• _YOUR ASSIGNMENT_
Below is a block of entries, which should be copied verbatim apart from the pictures.

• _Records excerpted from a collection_
▼

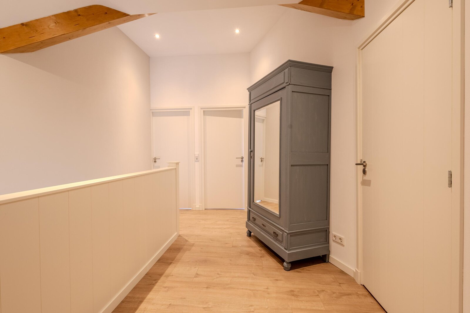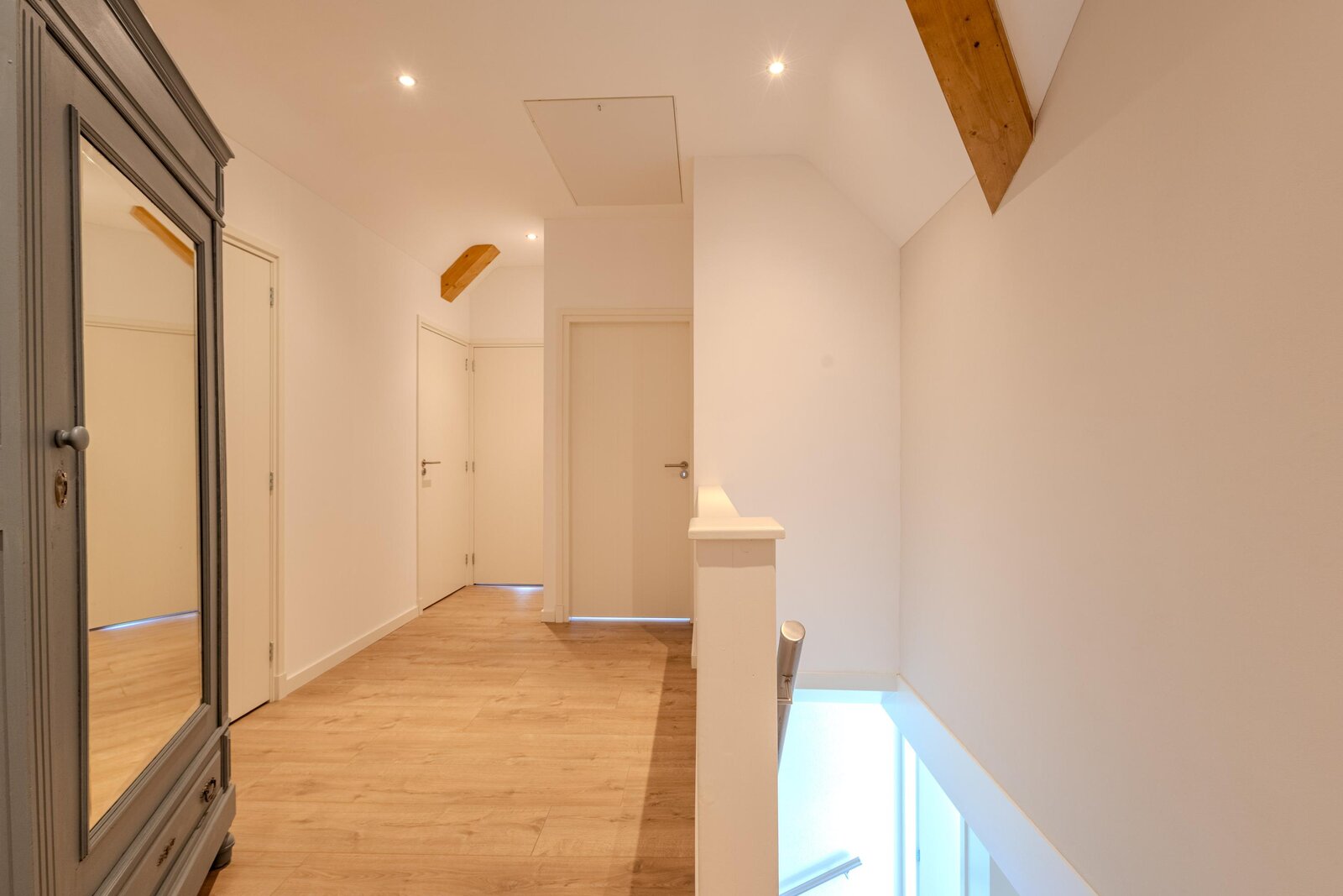 Via de trap bereikt u de overloop, die toegang biedt tot drie slaapkamers, een separaat toilet, de badkamer en een bergruimte.
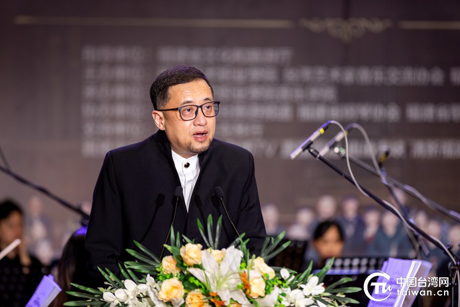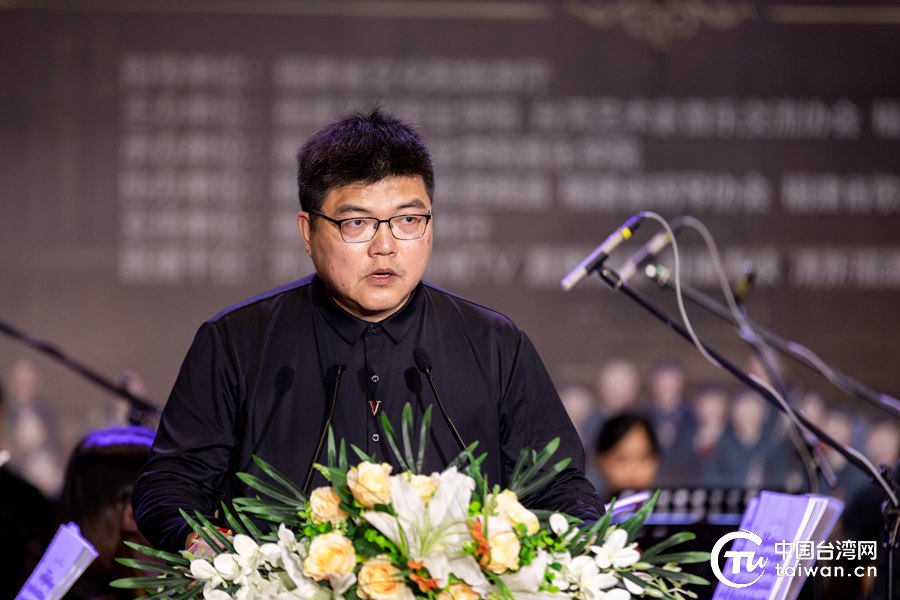 臺灣藝術家音樂交流協(xié)會秘書長、兩岸藝術青年聯(lián)合交響樂團首席樂手劉融致辭(中國臺灣網發(fā))
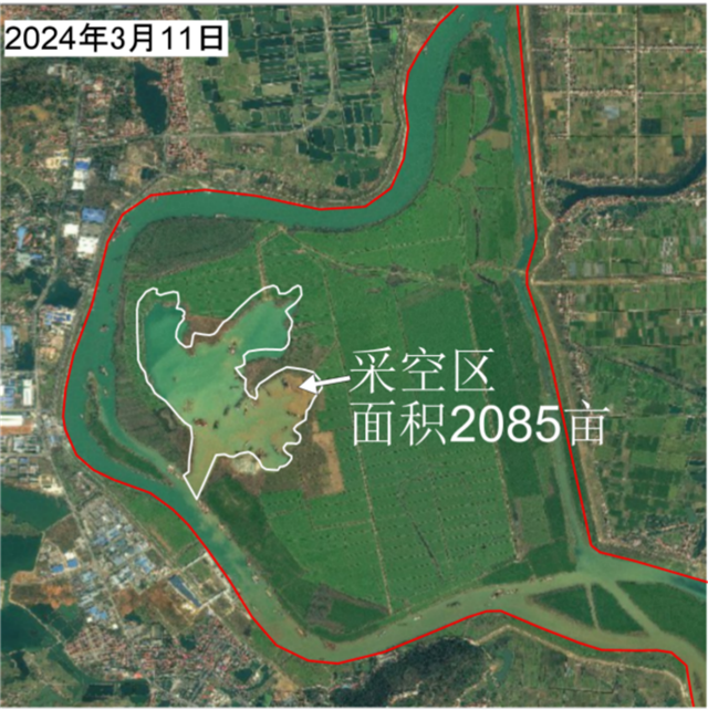督察组查询卫星影像显示,澧水河口湿地保护区孟姜垸洲滩被大面积采挖。(督察组供图)
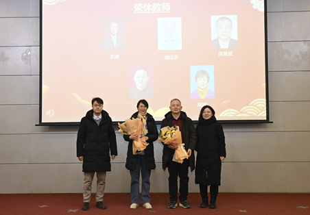 在温馨感人的“一朝沐杏雨,一生念师恩”荣休教师感恩环节,程伟老师、周越老师两位荣休教师步入会场,年轻一代教师为他们献上鲜花,程伟老师代表荣休教师发表深情寄语,回顾了自己的教育生涯,表达了对学院的深厚情感和对年轻教师的殷切期望,让在场的每个人都深深感受到了教育传承的伟大力量,体会到了教育事业的薪火相传、生生不息。
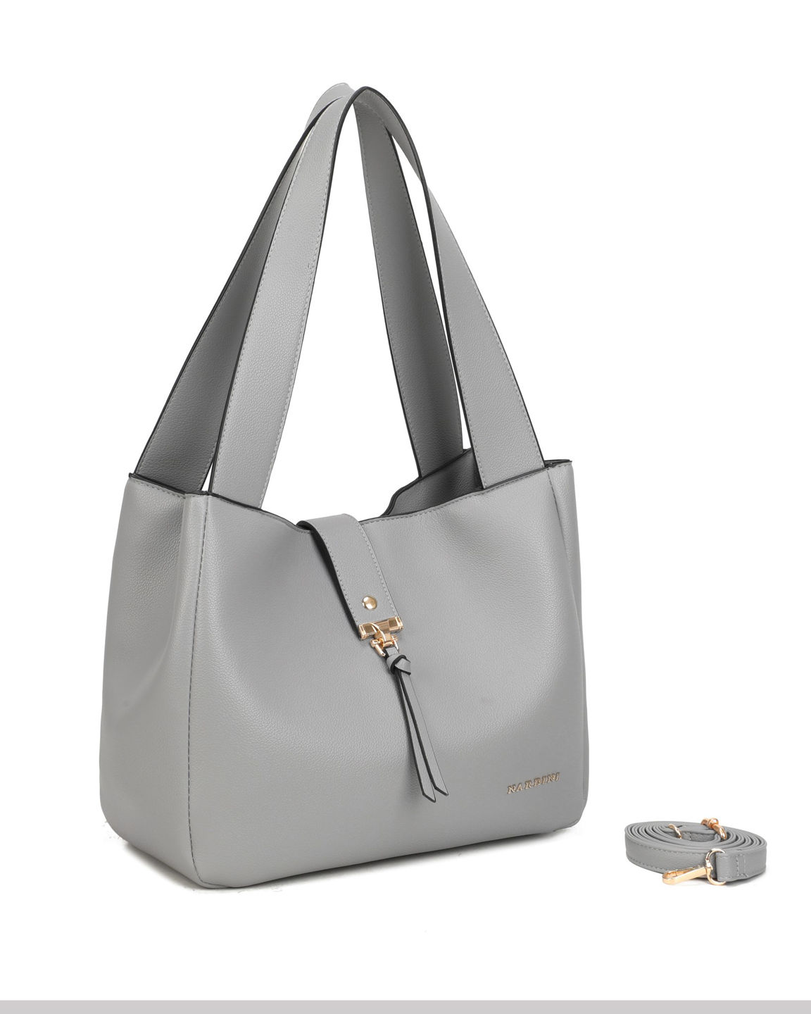NARDINI - Borsa due manici perla con pattina, tracolla removibile
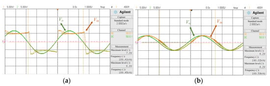 To evaluate the transfer properties of the four basic NR based MR-WPT topologies, the output-input voltage ratios are measured in the experiment. For SS and SP topologies, the input voltage waveform is a square wave, as shown in Figure 5a. Hence, the input fundamental voltage Vin_f of SS and SP topologies can be acquired by fundamental wave analysis method. Therefore, the output-input voltage ratio of SS and SP topologies can be calculated by Vo/Vin_f. For PS and PP topologies, the input and output voltage waveform are sinusoidal, as shown in Figure 5b, so the input voltage Vin and output voltage Vo can be measured with an oscilloscope. Then, the output-input voltage ratio of PS and PP topologies can be calculated by Vo/Vin.
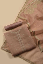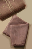 Pink Crushed Silk Viscose Embroidered Unstitched Suit Fabric Set with Silk Dupatta
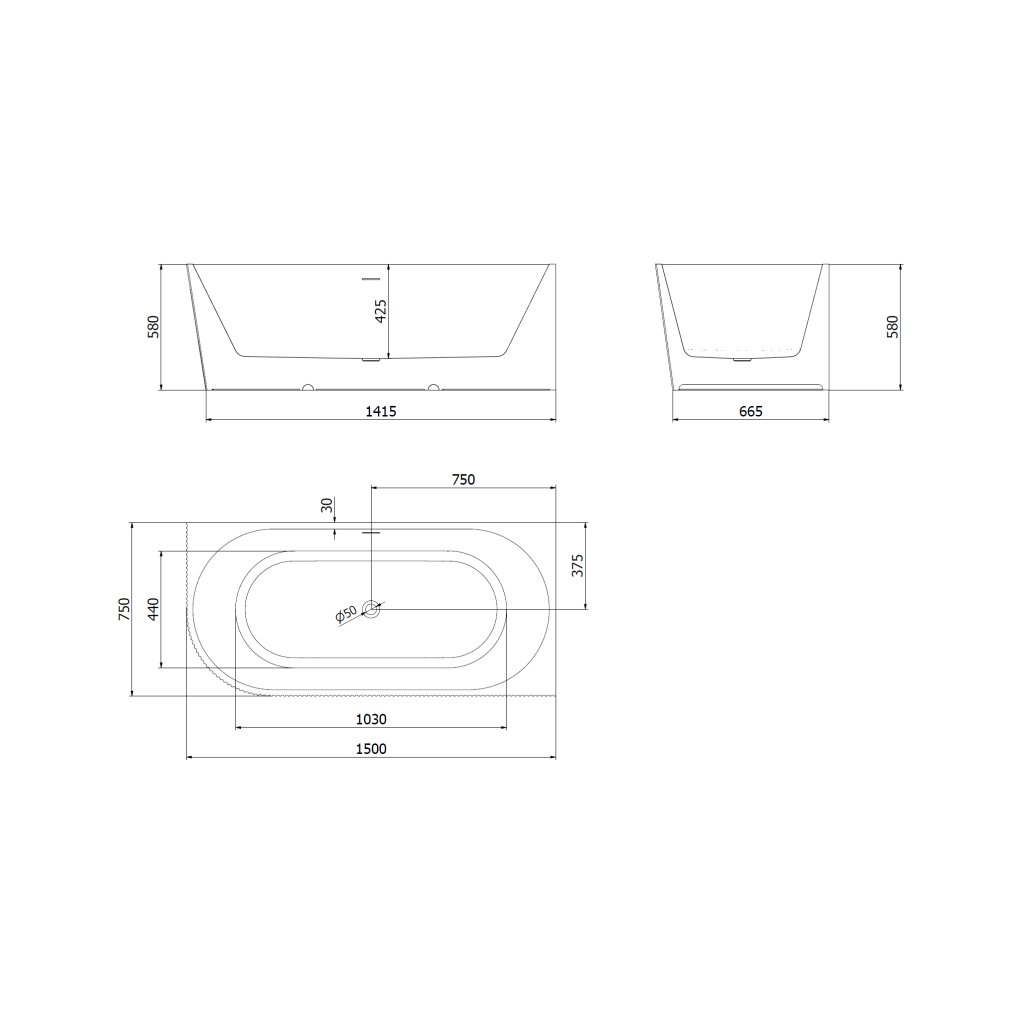 Mexen Silo, rohová volně stojící rýhovaná vana, pravá, 150 x 75 cm, bílá-černá, černý matný přepad, 52891507575P-70

▲

• _TASK SOLUTION_
 Via de trap bereikt u de overloop, die toegang biedt tot drie slaapkamers, een separaat toilet, de badkamer en een bergruimte.
 臺灣藝術家音樂交流協(xié)會秘書長、兩岸藝術青年聯(lián)合交響樂團首席樂手劉融致辭(中國臺灣網發(fā))
督察组查询卫星影像显示,澧水河口湿地保护区孟姜垸洲滩被大面积采挖。(督察组供图)
 在温馨感人的“一朝沐杏雨,一生念师恩”荣休教师感恩环节,程伟老师、周越老师两位荣休教师步入会场,年轻一代教师为他们献上鲜花,程伟老师代表荣休教师发表深情寄语,回顾了自己的教育生涯,表达了对学院的深厚情感和对年轻教师的殷切期望,让在场的每个人都深深感受到了教育传承的伟大力量,体会到了教育事业的薪火相传、生生不息。
NARDINI - Borsa due manici perla con pattina, tracolla removibile
 To evaluate the transfer properties of the four basic NR based MR-WPT topologies, the output-input voltage ratios are measured in the experiment. For SS and SP topologies, the input voltage waveform is a square wave, as shown in Figure 5a. Hence, the input fundamental voltage Vin_f of SS and SP topologies can be acquired by fundamental wave analysis method. Therefore, the output-input voltage ratio of SS and SP topologies can be calculated by Vo/Vin_f. For PS and PP topologies, the input and output voltage waveform are sinusoidal, as shown in Figure 5b, so the input voltage Vin and output voltage Vo can be measured with an oscilloscope. Then, the output-input voltage ratio of PS and PP topologies can be calculated by Vo/Vin.
 Pink Crushed Silk Viscose Embroidered Unstitched Suit Fabric Set with Silk Dupatta
 Mexen Silo, rohová volně stojící rýhovaná vana, pravá, 150 x 75 cm, bílá-černá, černý matný přepad, 52891507575P-70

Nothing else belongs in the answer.